Thank you for the response. If I were to experiment with the setups I mentioned, which method of doing so would you recommend?

Also, the work you have described is very interesting, when might the code and corresponding paper be available?

For configuration, you simply need to assign the model to different devices. The easiest way is to set the visible GPU. As for inference with the CPU, you'll need to write code to manually assign the device_map parameter, which is used when loading the EaModel. We expect to release our code once the NIPS review process is complete, around August of this year.

May 23 '25 11:05 hongdaxia

There is no need to perform draft model inference with multi-machine and multi-GPU. The draft model is relatively small, so single-GPU inference is sufficient. Single-GPU achieves the optimal performance, while multi-GPU incurs communication cost overhead.

Jun 27 '25 00:06 hejieyuan2005

Thank you for the response. If I were to experiment with the setups I mentioned, which method of doing so would you recommend? Also, the work you have described is very interesting, when might the code and corresponding paper be available?

For configuration, you simply need to assign the model to different devices. The easiest way is to set the visible GPU. As for inference with the CPU, you'll need to write code to manually assign the device_map parameter, which is used when loading the EaModel. We expect to release our code once the NIPS review process is complete, around August of this year.

@hongdaxia I am a little bit confused by this advice. To make it clear, I want to experiment with EAGLE-3 where I am operating the technique over a CPU on one machine, and a GPU on another machine. In addition, I want to experiment with a setup where EAGLE-3's operation is split between a GPU on one machine and a GPU on another machine.

I scanned the EAGLE-3 code trying to figure how to implement your suggestions, but I haven't figured out how to do multi-machine inference yet. Could you please provide more detail on how to implement these setups. Thank you.

Jul 27 '25 22:07 ebubekir-pulat

Thank you for the response. If I were to experiment with the setups I mentioned, which method of doing so would you recommend? Also, the work you have described is very interesting, when might the code and corresponding paper be available?

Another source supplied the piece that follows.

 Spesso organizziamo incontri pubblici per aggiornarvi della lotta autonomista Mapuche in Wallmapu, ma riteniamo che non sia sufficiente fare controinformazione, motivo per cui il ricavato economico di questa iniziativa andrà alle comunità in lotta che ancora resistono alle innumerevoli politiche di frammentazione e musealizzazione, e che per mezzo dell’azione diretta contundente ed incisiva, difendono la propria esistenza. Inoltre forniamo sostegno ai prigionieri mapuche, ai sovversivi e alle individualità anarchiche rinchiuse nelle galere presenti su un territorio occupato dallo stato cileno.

For configuration, you simply need to assign the model to different devices. The easiest way is to set the visible GPU. As for inference with the CPU, you'll need to write code to manually assign the device_map parameter, which is used when loading the EaModel. We expect to release our code once the NIPS review process is complete, around August of this year.

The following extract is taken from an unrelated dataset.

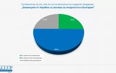49.9 процента от българите не смятат, че бежанците от Украйна са някаква заплаха за сигурността в България. На обратното мнение са 25.2 процента, а останалите се колебаят по въпроса. Това показва изследване на „Галъп интернешънъл болкан“, проведено между 31 март и 8 април.

@hongdaxia I am a little bit confused by this advice. To make it clear, I want to experiment with EAGLE-3 where I am operating the technique over a CPU on one machine, and a GPU on another machine. In addition, I want to experiment with a setup where EAGLE-3's operation is split between a GPU on one machine and a GPU on another machine.

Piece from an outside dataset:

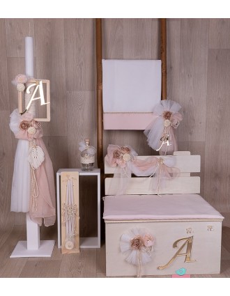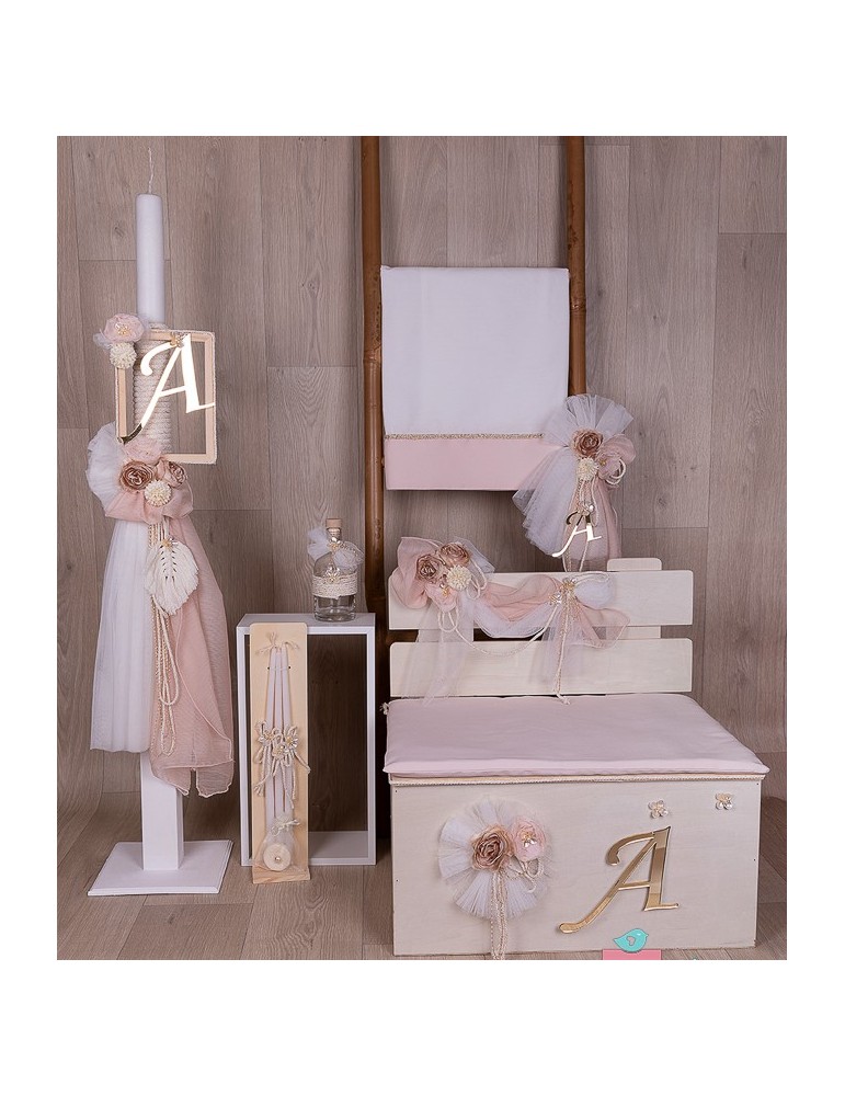 Ρομαντικό σετ βάπτισης ξύλινο παγκάκι στολισμένο με υφάσματα σε αποχρώσεις του εκρού και του σάπιου μήλου με χρυσό μονόγραμμα. Το σετ περιλαμβάνει λαμπάδα, τσάντα, λαδόπανα και λαδικά.

I scanned the EAGLE-3 code trying to figure how to implement your suggestions, but I haven't figured out how to do multi-machine inference yet. Could you please provide more detail on how to implement these setups. Thank you.

You can adjust the following code to customize the device_map for your specific setup.

def get_llama_custom_device_map(
    model_name_or_path: str,
    target_gpu_index: int = 0,
    dtype: torch.dtype = torch.float16,
    max_memory_per_gpu: str = None # e.g., "10GiB" or None for auto
) -> dict:
    """
    Calculates a device_map for a Llama model, forcing embeddings, head,
    first layer, and last layer onto the target_gpu_index, while letting
    accelerate automatically balance the rest.

    Args:
        model_name_or_path: Path or Hugging Face identifier for the Llama model.
        target_gpu_index: The index of the GPU to force key layers onto (default: 0).
        dtype: The torch dtype to use for memory calculation (default: torch.float16).
        max_memory_per_gpu: Optional maximum memory per GPU (e.g., "10GiB").
                           If None, uses accelerate's automatic detection.

    Returns:
        A dictionary representing the complete device map suitable for
        AutoModelForCausalLM.from_pretrained(..., device_map=...).
    """
    # 1. Get Config and Layer Count
    try:
        config = AutoConfig.from_pretrained(model_name_or_path, trust_remote_code=True)
        num_layers = config.num_hidden_layers
    except Exception as e:
        raise ValueError(
            f"Could not load config or find 'num_hidden_layers' for {model_name_or_path}. "
            f"Ensure it's a valid Llama model path/ID. Error: {e}"
        ) from e

    # 2. Define Layers to Force (Llama specific)
    layers_to_force = {
        "model.embed_tokens": target_gpu_index,
        "lm_head": target_gpu_index,
        f"model.layers.0": target_gpu_index,
        f"model.layers.{num_layers - 1}": target_gpu_index,
        "model.norm": target_gpu_index, 
    }

    # 3. Infer Auto Map using an empty model
    try:
        with init_empty_weights():
            model_empty = AutoModelForCausalLM.from_config(
                config, torch_dtype=dtype, trust_remote_code=True
            )

        # Define max_memory dictionary if specific limit is given
        max_memory = None
        if max_memory_per_gpu and torch.cuda.is_available():
             num_gpus = torch.cuda.device_count()
             max_memory = {i: max_memory_per_gpu for i in range(num_gpus)}
             # Optionally add CPU memory limit if needed, e.g., max_memory["cpu"] = "30GiB"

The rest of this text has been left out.